ITV is racing's window to the world - so here's how we plan to get even better
Why on earth have you swapped a warm studio with Graeme Souness and Jamie Redknapp for the cold, wind and rain of Cheltenham with Luke Harvey and me?
That was the question posed to me by a bedraggled Sir Anthony McCoy on January 1, 2017.
On New Year's Day four years later I'll be back on the ITV podium at Cheltenham feeling joy – as long as it's not a monsoon – but also relief, after a summer in which I was quoted as saying "racing was sleepwalking into a crisis" with the sport's presence on terrestrial television looking under real threat. The differing goals and constant moving of goalposts meant our tenure looked like being short-lived.
Yet here we are just a few months later and all that uncertainty has turned into a strong bond. ITV is only a custodian of the television rights, but we also see ourselves as racing's partner. The challenges of Covid-19, the sport's PR after the Cheltenham Festival and the need to embrace owners and sponsors have made that partnership closer than ever. The dialogue has never been better. Racing can be bedevilled by factions but, when its family does come together, it can also be an irresistible force. Terrestrial television remains its biggest window to the world.
For all the uncertainty, horror and hardship this pandemic has forced upon racing, the sport has the potential to emerge in a better and stronger position. This year has been brutal for so many and of course racing still has major issues to solve, yet it has been able to show what an important industry it is for the nation's mental and financial health.
More eyes have been on horseracing than for a very long time, with a peak of 1.8 million for Royal Ascot, 2.3 million for the Derby and more than a million viewers for consecutive weekends last month. Now we must take advantage and welcome people to racecourses with open arms. We need to be more inclusive than ever before.
People of my age generally credit an elderly relative or the ITV7 for getting them into racing and I like to think that in 20 years people will say they first enjoyed racing during the lockdown for a global pandemic.
I will stand at Cheltenham on January 1 knowing big challenges on terrestrial television remain. I've presented numerous sports, including athletics, rugby union and football, but nothing has compared to the challenge of fronting horseracing. It's one I had definitely underestimated when I made that switch from Premier League football four years ago.
So what lessons have we learned and how can we improve terrestrial television's coverage of our great sport?
My first piece of advice when media training and discussing the secret to hosting, lecturing and presenting is to know your audience as best you can. Knowing the make-up of who is watching or listening will help you find the right pitch for the talk, presentation or programme, and I am sure this applies to us.
For example, I host very differently on a midweek day on ITV4 than I do on the main ITV channel on a Saturday afternoon. The first is to a more specialist audience compared to the latter, when the bulk of the people watching have probably had a hard week at work and just want to relax and be entertained.

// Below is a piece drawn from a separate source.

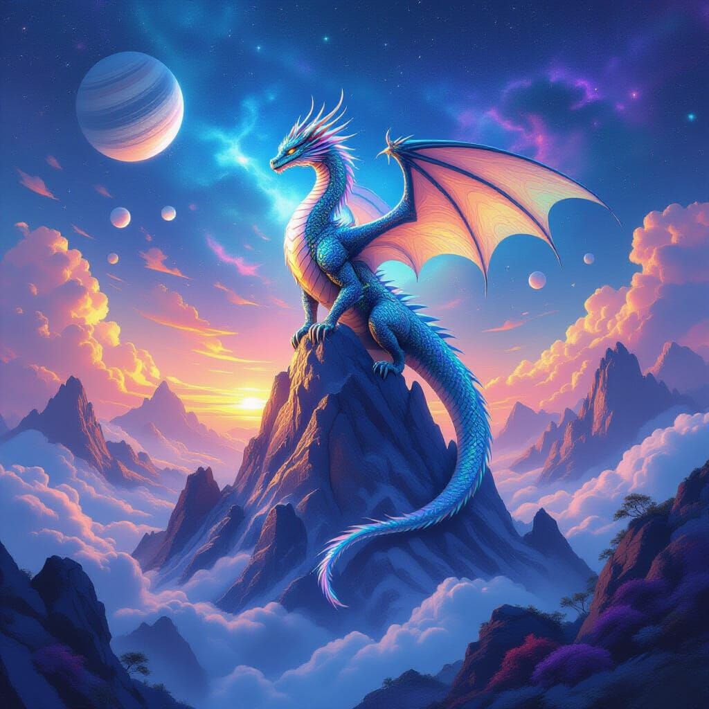 A majestic dragon with shimmering scales rests on a crystal mountain peak beneath a vibrant nebula sky. This digital painting features intricate details and glowing elements.
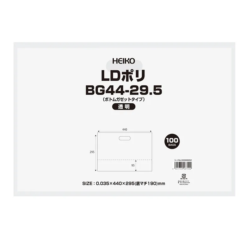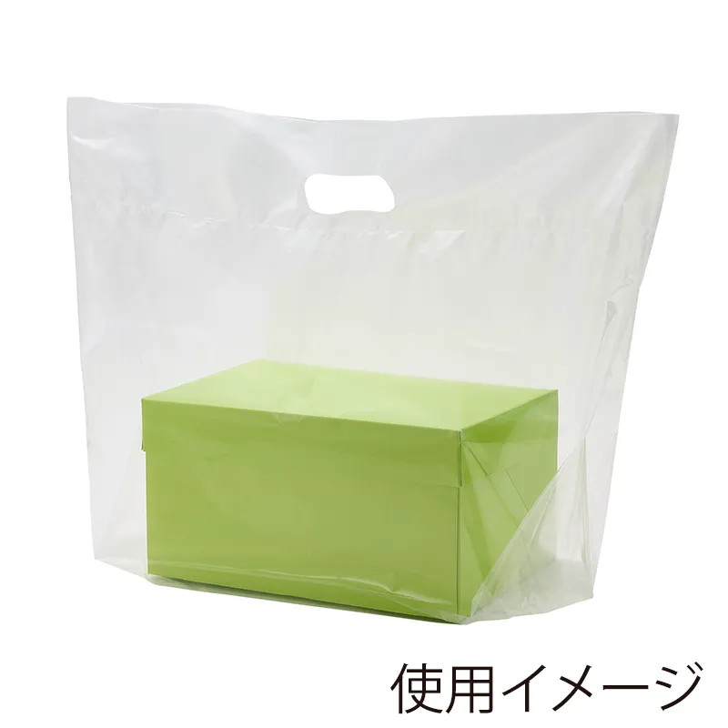 LDポリエチレンを使用したソフトタイプの手抜き袋です。中身が映えるスタイリッシュな透明タイプです。底マチが広いため、洋菓子の箱や食パンなどを入れるのに適しています。※穴から下の高さは多少前後する場合があります。

It was similar with football as Super Sunday was more laid-back after Sunday lunch with a big audience, whereas Monday Night Football alongside Gary Neville and Jamie Carragher was a much more hard core and technical broadcast to a smaller, niche audience.
ITV Racing needs to be more like Super Sunday, but that is a much bigger challenge than presenting Premier League football, first because in racing there is so little action and therefore so much more time to fill.
On Super Sunday I'd generally have half an hour before kick-off, three minutes at half-time and a short part at the end. With racing, especially on the Flat, that situation is turned on its head, when the action (the race) can be over in a minute or two and you are left with the challenge of acres of time to keep the viewer engaged. Patience is in short supply these days, which is why you need to move at speed and have 'hooks'. Fortunately, this is something racing has in abundance.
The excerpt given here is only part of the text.